@dc42 said in RepRapFirmware road map as at 15 February 2020:
True; but we value our users!
And I am grateful for that!
I have become quite fond of the Duet controller in short time. Bought the Duet2Wifi out of curiosity. Toy with it, see what it is all about, sell it. Never even thought it would really be a decent contender to LinuxCNC with it's endless possibilities to make things work the way I want them to work. And the first experience was indeed like a naked plunge in subfreezing water. No conditional G-code, a weird way to use homeswitches not exactly at the end of travel, blah. But here we are, a few months later, and the water is nice and warm. Not considering moving back. Mainly because of you, your insane drive to move forward and efforts put in RRF3, and the insanely quick fixing of issues.
[rant] Also I get disgusted with kit that ceases to be fully functional because the manufacturer can't be bothered to update the firmware.
As a consumer I totally agree. Not only the software, also the actual technical life and irrepairability of 'modern stuff'. After a few years it becomes hard to get parts.

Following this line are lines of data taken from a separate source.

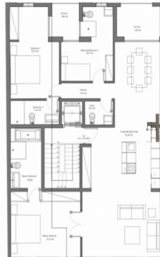
Grundriss der Wohnung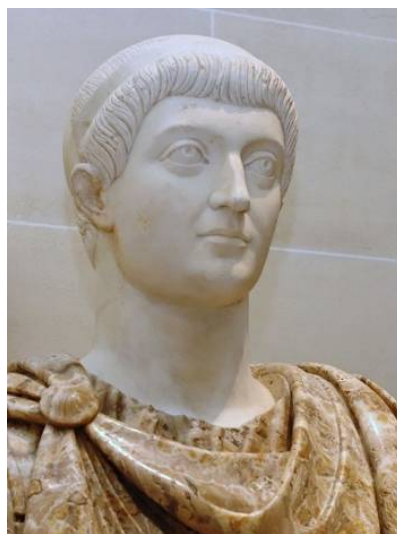
Fig. 4 - Bust of the Emperor Constans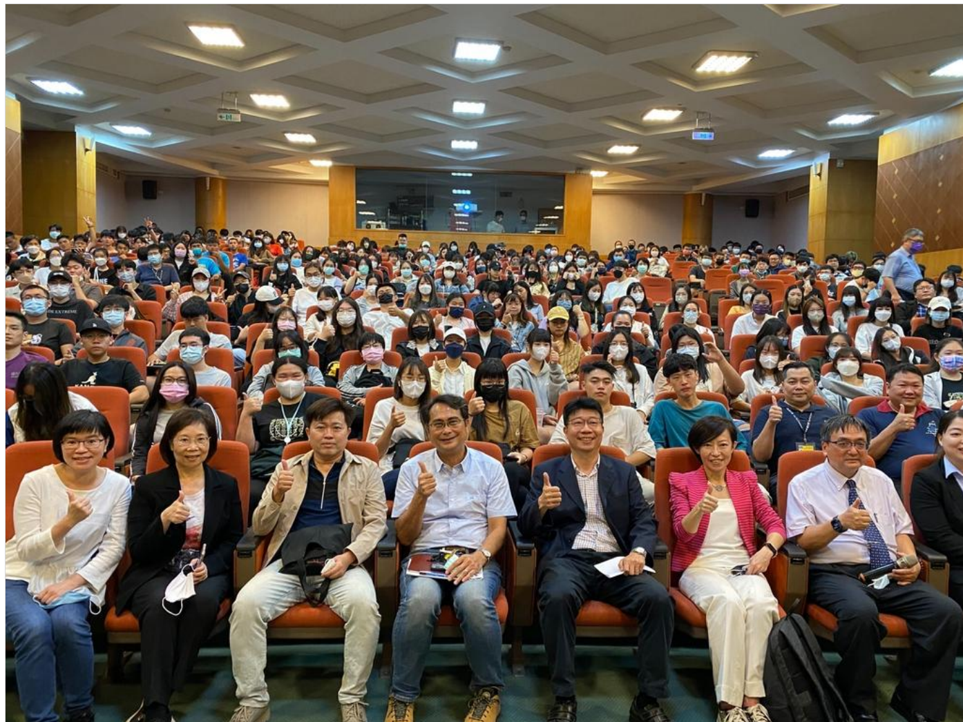
交通部觀光局跨界尋找旅宿業人才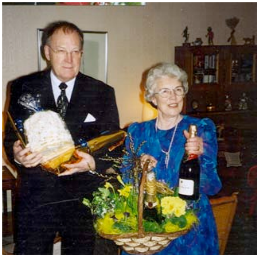
Apropå flickvännen. Det håller än!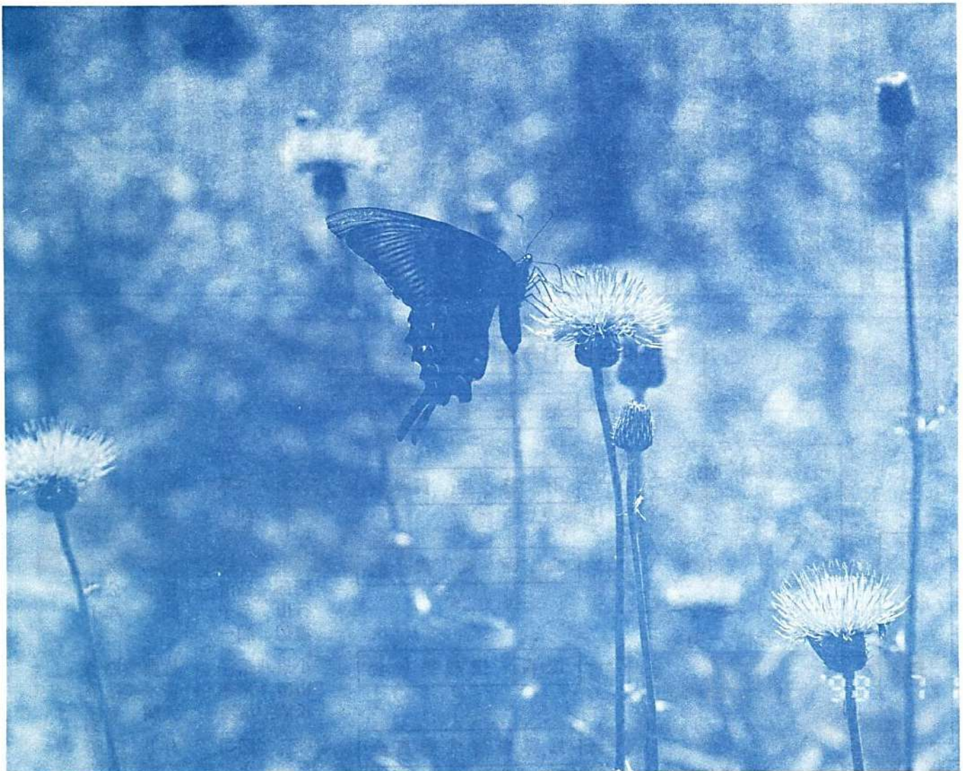
初秋の高原を訪れて……。

Kept my old xperia X10 phone running for a bit over 6 years, cannot do that anymore it seems. Bought 10 year old motorcycles and ran them until they were 20 years old, then only sold them because I longed for something else. Not sure I can do that with my shiny new KTM; I highly doubt that the TFT screen they use for dashboard lasts that long, and build quality is more optimized towards cost and weight instead of durability.
As one of the designers at an electronics company I am not so convinced. IMHO the worst thing you can do for customers is going out of business or having to find other sources of money which lowers the amount of resources that can be put into the original product line. Given the fact that development time is a limited resource there is a point where the hours spent on maintaining compatibility is preventing staying ahead of the rest on the new hardware and just costing money. It often makes sense to create a 'light' version of the more current hardware or lower pricing on the full version a little. Which you can since you save money elsewhere. A bit on the increased volume, a bit on the development, a bit on the support. It adds up.

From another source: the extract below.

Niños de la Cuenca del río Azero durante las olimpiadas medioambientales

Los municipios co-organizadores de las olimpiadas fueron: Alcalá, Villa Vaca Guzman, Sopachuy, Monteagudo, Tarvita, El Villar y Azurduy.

Also, the Duet is not a PC, phone or PVR where 3rd party software stops working due to the system being too old. If I stop updating today the Duet will happily keep printing for the next decade just like it does today. Many of your users are probably not updating the software anyway. If it ain't broken....
All this is personal opinion only, of course.
Also, Duet 3 is expensive and overkill for most 3D printing applications.
Yes, you have chosen nice and expensive motor drivers that almost no 3D printer needs. I bet a large part of the additional cost come from those
I did not check the BOM, but a Duet3 with 5x TMC2660 instead of the 5160's should not cost that much more than Duet2 to produce, and more alike platforms usually means faster development and less issues. However, I am aware that initial cost for a new board is high.